As I hinted yesterday, it is now time to update my House projection. My last comprehensive review gave Republicans 52 seats over 2008, but let’s see how far the Swingometer needles move this time, as even I have been surprised by how far some of these new Generic Ballots have shifted toward Republicans.
Old reliable Real Clear Politics again has seven generics for us to look at. Two of them polled likely voters and the remaining five polled registered voters. When I average the Swingometer projections from all seven polls, it will be a weighted average giving the likely voter polls double weight.
To get a “swing” to put into the Swingometer for each poll, what I do is subtract out all of the voters in each poll that don’t choose Republicans or Democrats in order to get a bare two party vote. I then compare that with the actual, total two party vote in 2008’s House elections. This compares apples with apples.
|Two party splits|
First thoughts: Gee, that Newsweek looks pretty far off, doesn’t it? And I find it interesting that the Gallup poll done for USA Today has a sample size of 928 (a typical size) while Gallup’s own has a sample size of 1540 (second largest, behind only Rasmussen’s 3500).

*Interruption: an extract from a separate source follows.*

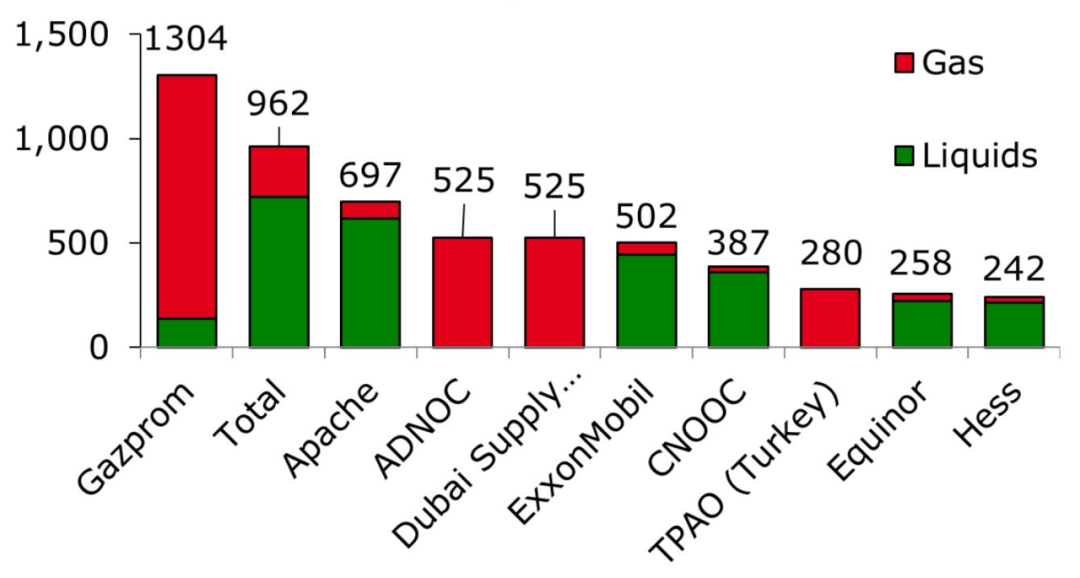 数据显示,今年前10个月俄罗斯天然气工业股份公司(Gazprom)得益于卡拉海(Yamal)等地天然气资源的发现,以13.04亿桶的油气发现在全球排名中位居首位。

Who paid for a poll matters.
But moving on, the weighted average of these swings is R+22. Which means even with Newsweek included, Swingometer says Republicans gain 60 seats over 2008 and take a 238-197 House majority. If all of this is accurate then we’re in territory never seen since the Truman administration in terms of a single year swing. Back in the day, Presidential coattails would move the House far his way, but the mid-term would react to that, causing the House to be remarkably swingy. That’s not entirely the case anymore, as two of the last three midterms have even favored the party of the President, so a 60 seat win just isn’t done anymore.
But the generics suggest the Republicans just might.